Method: Basic Vulnerability Assessment

Hazard: /

The sensitivity of grazing is measured by “forage dependence”, which is determined here by using AUM (Animal Unit Months) and grazing permits per field office and per grazing allotment. Data include the type of animals for grazing, the number of cattle or sheep grazed on public lands, and the number of months the permit/lease allowed to graze livestock on public lands. The more dependent grazing activity is on public lands, the more sensitive it is to climate change. Another indicator used to measure sensitivity is the income from grazing activities and its percentage of total revenues from other services and activities. This data will be collected with the help of local offices. To further understand the impact of climate stressors on grazing, we also proposes to conduct regression analyses to explore the correlations between hazard indicators and grazing sensitivity.

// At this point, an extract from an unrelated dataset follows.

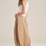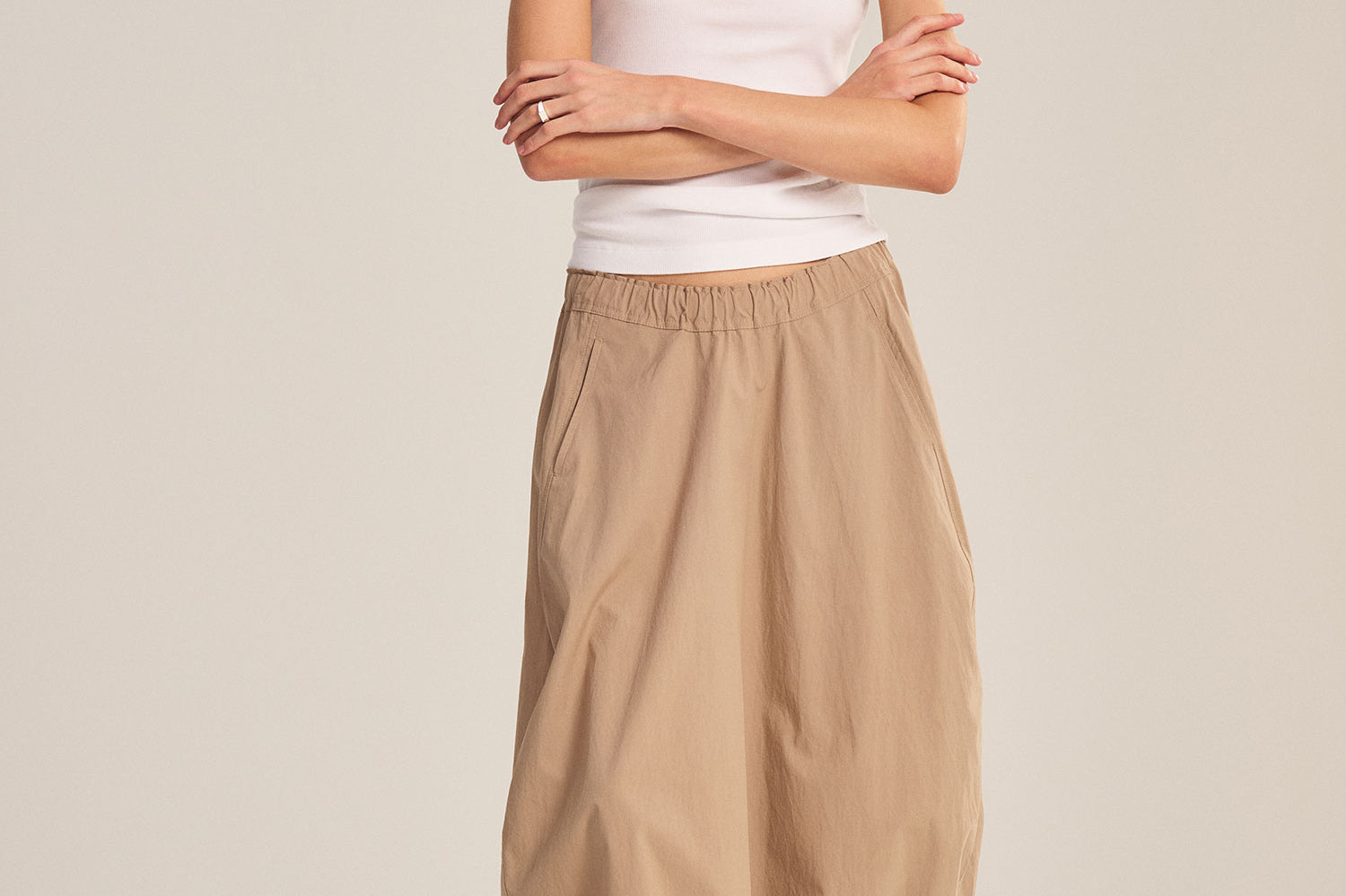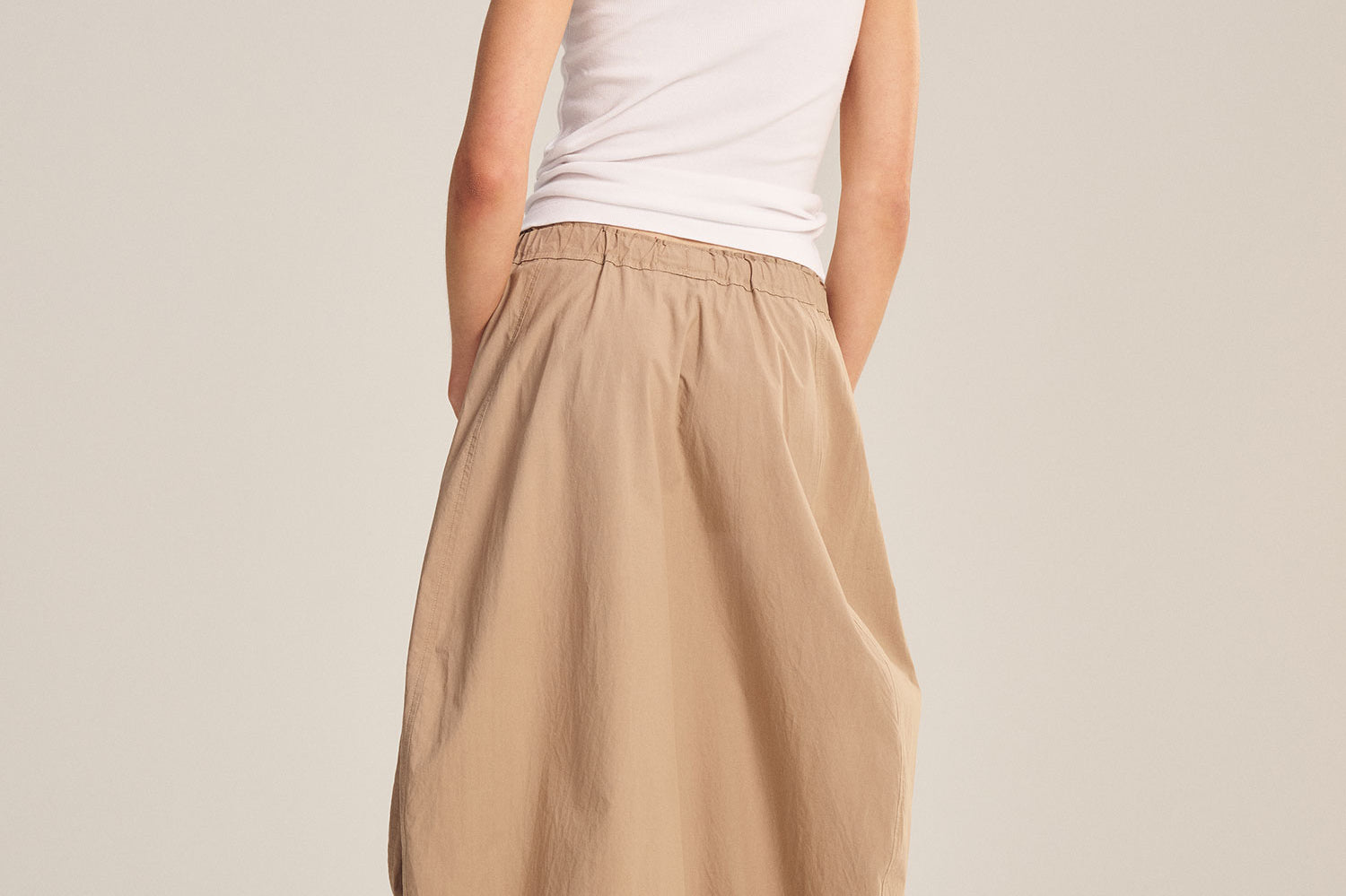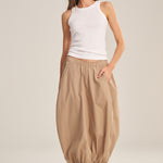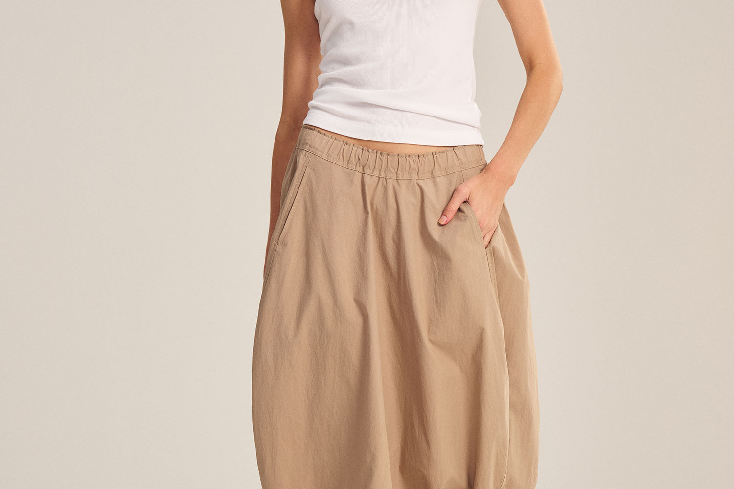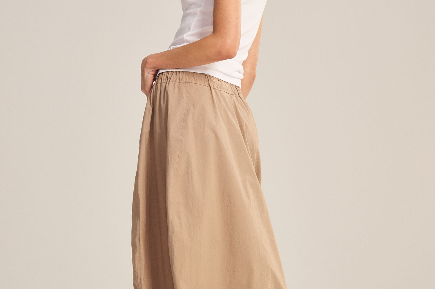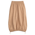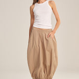 Crafted from crisp cotton poplin, this skirt combines sporty ease with polished detail. Featuring an elastic waist, cinched corded hem, front welt pockets, and a subtle handkerchief hemline, it allows you to move freely while maintaining a flattering silhouette.

Adaptive capacity is the combination of local social characteristics and external social forces that influence whether and how human communities take action to reduce their exposure or modify their sensitivity to climate change, its related impacts, or other hazards. Adaptive capacity reflects the ability of communities to actively respond by modifying their social norms, behaviors, and policies to anticipate or reduce risks from climate change.

In this stage, Climate.IQ evaluates the adaptation capacity of the management unit by collecting the following data from the audience:

  • Proportion of population living at a poverty threshold;

  • Size of budget toward climate change adaptation;

  • Educational attainment in a community;

  • Rating on overall political position on climate change adaptation;

  • Rating on social and institutional relationships that foster trust, fairness, mutual understanding, learning, and collective action.


 

     3.    Interviews as Case Studies

Vulnerability in  many cases is analyzed by collecting quantitative data and analyzed in statistical methods, which has been an effective method. However, we also want to highlight the importance of qualitative methods. In comparison to quantitative approaches in vulnerability research, the individual perspectives provide supplemental and deepened information about distinct perceptions and the handling of factors determining vulnerability.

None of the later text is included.